### Task to complete
Repeat the listing below word for word, leaving nothing out.

### Supplied records
--- --- ---
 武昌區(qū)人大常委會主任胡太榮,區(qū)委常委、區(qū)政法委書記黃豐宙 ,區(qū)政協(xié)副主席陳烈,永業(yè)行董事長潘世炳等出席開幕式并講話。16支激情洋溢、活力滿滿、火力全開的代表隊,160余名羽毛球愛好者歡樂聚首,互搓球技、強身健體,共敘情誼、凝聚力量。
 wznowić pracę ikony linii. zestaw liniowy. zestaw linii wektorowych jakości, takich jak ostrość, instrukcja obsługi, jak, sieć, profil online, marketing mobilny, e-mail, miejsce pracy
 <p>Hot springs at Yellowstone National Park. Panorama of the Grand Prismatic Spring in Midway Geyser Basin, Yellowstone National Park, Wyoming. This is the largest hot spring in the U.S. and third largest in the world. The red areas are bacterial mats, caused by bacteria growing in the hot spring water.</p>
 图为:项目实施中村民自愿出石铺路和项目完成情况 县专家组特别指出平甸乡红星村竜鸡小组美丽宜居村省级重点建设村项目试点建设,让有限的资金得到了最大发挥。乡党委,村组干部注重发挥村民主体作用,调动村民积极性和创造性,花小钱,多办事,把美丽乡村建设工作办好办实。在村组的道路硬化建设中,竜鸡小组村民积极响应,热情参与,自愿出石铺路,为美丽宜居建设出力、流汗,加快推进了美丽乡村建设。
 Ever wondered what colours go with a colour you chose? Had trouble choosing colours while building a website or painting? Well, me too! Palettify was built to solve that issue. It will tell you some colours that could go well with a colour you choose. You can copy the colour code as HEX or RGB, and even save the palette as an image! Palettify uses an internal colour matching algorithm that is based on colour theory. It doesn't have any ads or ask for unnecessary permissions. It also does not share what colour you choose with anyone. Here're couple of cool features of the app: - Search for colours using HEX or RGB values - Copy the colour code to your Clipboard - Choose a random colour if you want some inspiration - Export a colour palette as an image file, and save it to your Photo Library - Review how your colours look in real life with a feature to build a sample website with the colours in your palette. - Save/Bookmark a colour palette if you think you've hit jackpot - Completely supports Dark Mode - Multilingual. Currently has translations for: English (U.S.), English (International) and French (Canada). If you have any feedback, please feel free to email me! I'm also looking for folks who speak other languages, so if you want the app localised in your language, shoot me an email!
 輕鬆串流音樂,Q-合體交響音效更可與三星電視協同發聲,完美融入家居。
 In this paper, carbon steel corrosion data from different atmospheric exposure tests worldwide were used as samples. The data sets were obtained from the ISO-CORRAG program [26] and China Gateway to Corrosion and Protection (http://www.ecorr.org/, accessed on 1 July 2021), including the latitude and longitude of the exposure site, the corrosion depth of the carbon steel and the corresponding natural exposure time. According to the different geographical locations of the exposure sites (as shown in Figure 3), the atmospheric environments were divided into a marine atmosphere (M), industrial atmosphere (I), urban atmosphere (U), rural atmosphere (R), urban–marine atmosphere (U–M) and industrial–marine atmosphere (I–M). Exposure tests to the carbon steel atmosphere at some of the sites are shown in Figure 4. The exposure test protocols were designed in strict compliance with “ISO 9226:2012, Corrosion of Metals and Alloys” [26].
--- --- ---
### Answer to the problem
 武昌區(qū)人大常委會主任胡太榮,區(qū)委常委、區(qū)政法委書記黃豐宙 ,區(qū)政協(xié)副主席陳烈,永業(yè)行董事長潘世炳等出席開幕式并講話。16支激情洋溢、活力滿滿、火力全開的代表隊,160余名羽毛球愛好者歡樂聚首,互搓球技、強身健體,共敘情誼、凝聚力量。
 wznowić pracę ikony linii. zestaw liniowy. zestaw linii wektorowych jakości, takich jak ostrość, instrukcja obsługi, jak, sieć, profil online, marketing mobilny, e-mail, miejsce pracy
 <p>Hot springs at Yellowstone National Park. Panorama of the Grand Prismatic Spring in Midway Geyser Basin, Yellowstone National Park, Wyoming. This is the largest hot spring in the U.S. and third largest in the world. The red areas are bacterial mats, caused by bacteria growing in the hot spring water.</p>
 图为:项目实施中村民自愿出石铺路和项目完成情况 县专家组特别指出平甸乡红星村竜鸡小组美丽宜居村省级重点建设村项目试点建设,让有限的资金得到了最大发挥。乡党委,村组干部注重发挥村民主体作用,调动村民积极性和创造性,花小钱,多办事,把美丽乡村建设工作办好办实。在村组的道路硬化建设中,竜鸡小组村民积极响应,热情参与,自愿出石铺路,为美丽宜居建设出力、流汗,加快推进了美丽乡村建设。
 Ever wondered what colours go with a colour you chose? Had trouble choosing colours while building a website or painting? Well, me too! Palettify was built to solve that issue. It will tell you some colours that could go well with a colour you choose. You can copy the colour code as HEX or RGB, and even save the palette as an image! Palettify uses an internal colour matching algorithm that is based on colour theory. It doesn't have any ads or ask for unnecessary permissions. It also does not share what colour you choose with anyone. Here're couple of cool features of the app: - Search for colours using HEX or RGB values - Copy the colour code to your Clipboard - Choose a random colour if you want some inspiration - Export a colour palette as an image file, and save it to your Photo Library - Review how your colours look in real life with a feature to build a sample website with the colours in your palette. - Save/Bookmark a colour palette if you think you've hit jackpot - Completely supports Dark Mode - Multilingual. Currently has translations for: English (U.S.), English (International) and French (Canada). If you have any feedback, please feel free to email me! I'm also looking for folks who speak other languages, so if you want the app localised in your language, shoot me an email!
 輕鬆串流音樂,Q-合體交響音效更可與三星電視協同發聲,完美融入家居。
 In this paper, carbon steel corrosion data from different atmospheric exposure tests worldwide were used as samples. The data sets were obtained from the ISO-CORRAG program [26] and China Gateway to Corrosion and Protection (http://www.ecorr.org/, accessed on 1 July 2021), including the latitude and longitude of the exposure site, the corrosion depth of the carbon steel and the corresponding natural exposure time. According to the different geographical locations of the exposure sites (as shown in Figure 3), the atmospheric environments were divided into a marine atmosphere (M), industrial atmosphere (I), urban atmosphere (U), rural atmosphere (R), urban–marine atmosphere (U–M) and industrial–marine atmosphere (I–M). Exposure tests to the carbon steel atmosphere at some of the sites are shown in Figure 4. The exposure test protocols were designed in strict compliance with “ISO 9226:2012, Corrosion of Metals and Alloys” [26].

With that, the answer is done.